How about a mini-lecture on white balance? What you see is not always what you see. In other words, what your mind perceives is not always what is really there. Color is one of those cases. The human eye (actually the human brain but you know what I mean) is very good at auto white balance. It’s so good at white balancing that most people don’t even realize that it is happening.
Every different type of light source produces light of a different color. The same object lit by those different sources will reflect different colors. A white shirt in daylight will look bluish but under an incandescent light will look amber. The purpose of white balancing is to keep white (or grey) objects looking white. If white looks white, then the other colors in the scene should look correct also.
Color temperature:
From Wikipedia - “The color temperature of a light source is the temperature of an ideal black-body radiator that radiates light of comparable hue to that of the light source”. As a black-body heats up, it’s radiant color changes. From red to yellow to blue. A black-body can be a lump of iron or the filament in a light bulb. Color temperature is measured in Kelvin. Black-body radiation tends to be full spectrum but will shift up or down depending on the temperature.
Some typical color temperatures:
1,850K – Candle Flame
2,500-2,800K – Incandescent bulbs
2,800-3,200K – Halogen bulbs
5,500 – 6,500 – Daylight (noon)
Fluorescent and LED lights:
Since fluorescents and LEDs produce white light using phosphors, they tend not to have full spectrums but rather several spikes that are perceived by most as full spectrum white light. These types of lights can also have spikes in colors that are not related to color temperature (color temperature adjustments typically deal with amber – blue adjustments) such the greenish tints that many inexpensive fluorescents have. This can make it more difficult to get good color balance with these types of light. Having said this, color corrected fluorescents and LEDs are getting better.
So what does this all mean? Most of the times you want to light a scene with all the lights having the same color temperature. While the pros will use gels etc. to get all of the light sources in a scene to have the same color value it is usually easier to just use the same type of light (at least the same color temperature) to light everything in the scene.
All the lighting is the same color temperature; now what?

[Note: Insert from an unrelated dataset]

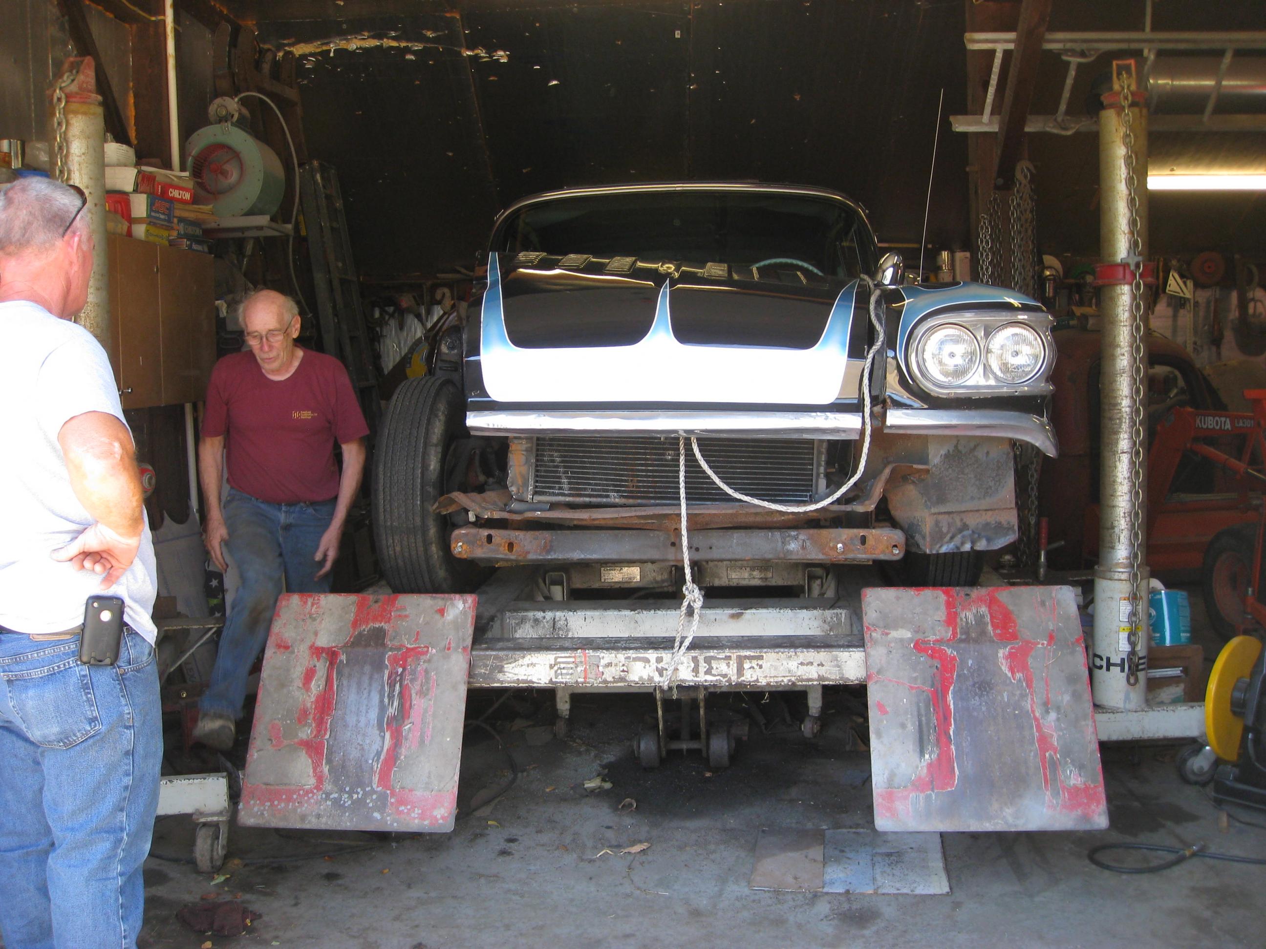 ok guys time for a lil update. skip readio (desoto)?? found me the parts i needed in new jersey, got them from the golden gup for a fantastic deal!! thanks guys. towed the car up to maine to pull the frame with christy massios (hottrodder3) best frame guy on the planet!! thanks christy!! and starting to put her back together!! stoked....

If you are using a digital camera (back in the day, you had to use different film for different color temps), you should be able to use the “White Balance” function to get the proper colors. To do a white balance, set up the lighting and point the camera at a white object (a white balance card is the best but anything white can be used) and tell the camera to do a white balance. The camera will then analyze the image assuming that it should be white. It will then adjust the red, green or blue values so that they are in balance (for white or grey colors the rgb values should all be equal). The camera will continue to use these adjusted values until you do another white balance. As long as your lighting stays the same, the white balance should stay the same. If you change the lighting, then do another white balance.
Why not use Auto White Balance? When a digital camera is using auto WB, it is constantly analyzing the image and trying to guess at white is supposed to be. Sometimes it’s right and sometimes not so right. If at all practical, I prefer to do a manual white balance every time the lighting changes.

The image above is an example of mixed lighting. Half of the scene is lit by indoor lights and half of the scene is daylight lit. Notice the color of the white wedding dress and the white table cloths (in the back). This image is color balanced for daylight. The table cloths look white and the dress looks yellow. If the image was balanced for the indoor light, the dress would look white and table cloths would look blue.